45 CFR part 1323 follows Title VI (part B) of the Older Americans Act, as amended, establishing the requirements that a public or nonprofit private organization must meet in order to receive a grant to promote the delivery of services for older Hawaiian Natives that are comparable to services provided under Title III of the Older Americans Act. This regulation also prescribes application and hearing requirements and procedures for these grants. There has not been a proliferation of regulations developed for this program since the base regulation was developed in 1988. Since that time, ACL's Administration on Aging has worked with worked with stakeholders to clarify guidance and issues through the regular grant application, reporting and technical assistance processes, eliminating the need for additional regulations. Rescission of this rule will have little to no impact on the implementation of the program, and while deregulation will not decrease burden, this regulation is no longer necessary. There is no legal risk or mitigation required in rescinding this regulation. Additionally, this rule is not economically significant. This particular program has only one formula grantee in Hawaii.

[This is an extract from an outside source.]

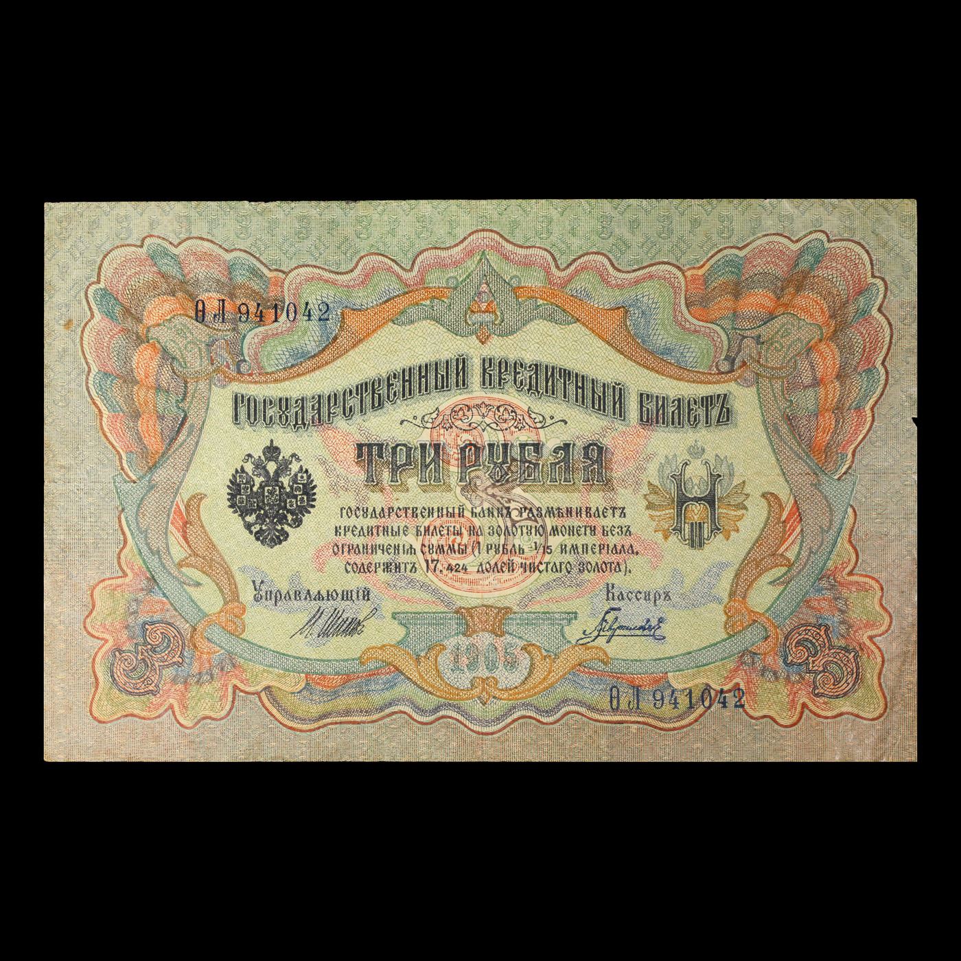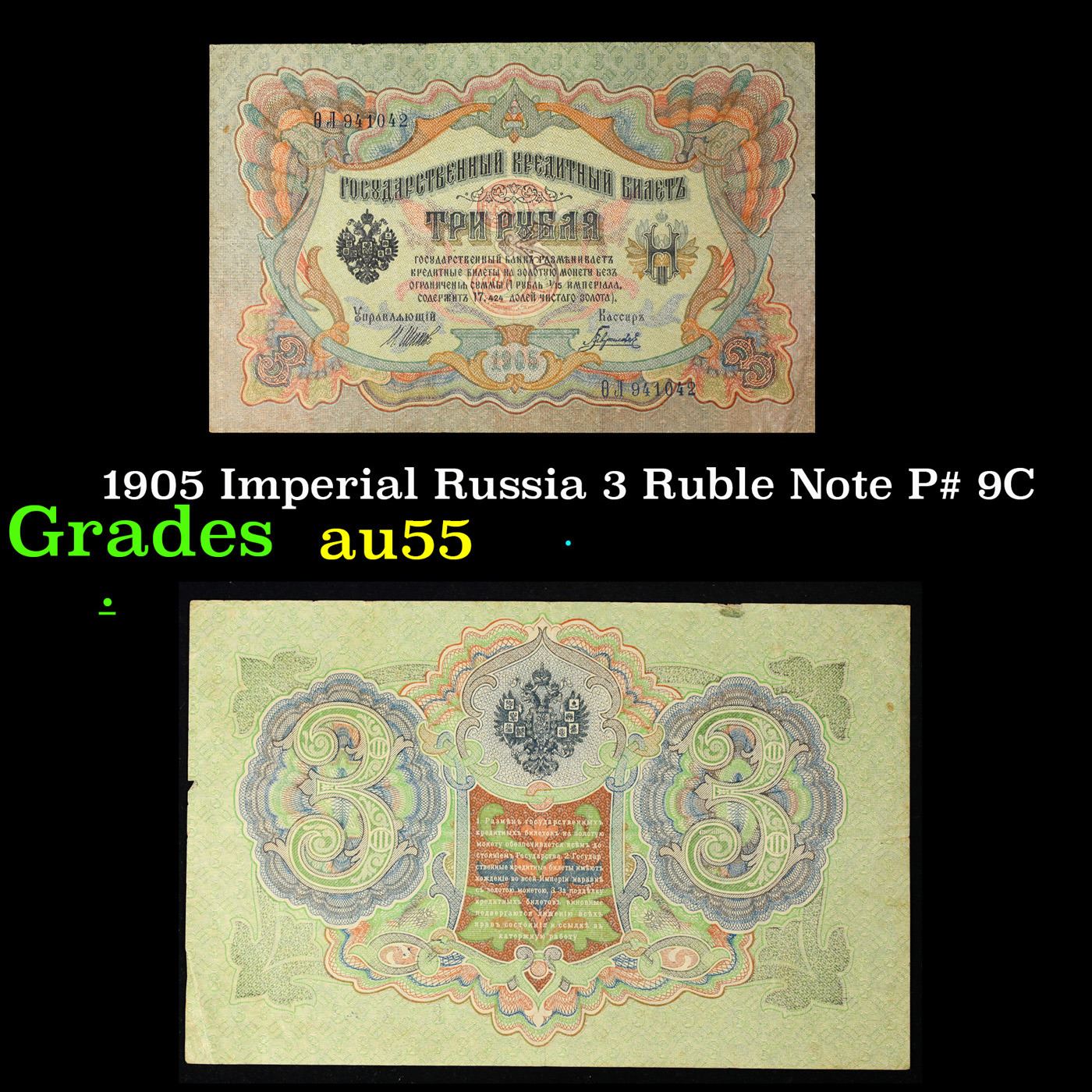 1905 Imperial Russia 3 Ruble Note P# 9C Grades Choice AU.

Executive Orders 12866, 13563, 13771, and 13777
Executive Orders 12866 and 13563 direct agencies to assess all costs and benefits of available regulatory alternatives and, if regulation is necessary, to select regulatory approaches that maximize net benefits (including potential economic, environmental, public health and safety effects, distributive impacts, and equity). Executive Order 13771 directs agencies to categorize all impacts which generate or alleviate costs associated with regulatory burden and to determine the actions net incremental effect.
Section 3(f) of Executive Order 12866 defines a “significant regulatory action” as an action that is likely to result in a rule: (1) Having an annual effect on the economy of $100 million or more in any 1 year, or adversely and materially affecting a sector of the economy, productivity, competition, jobs, the environment, public health or safety, or State, local or Tribal governments or communities (also referred to as “economically significant”); (2) creating a serious inconsistency or otherwise interfering with an action taken or planned by another agency; (3) materially altering the budgetary impacts of entitlement grants, user fees, or loan programs or the rights and obligations of recipients thereof; or (4) raising novel legal or policy issues arising out of legal mandates, the President's priorities, or the principles set forth in the Executive Order.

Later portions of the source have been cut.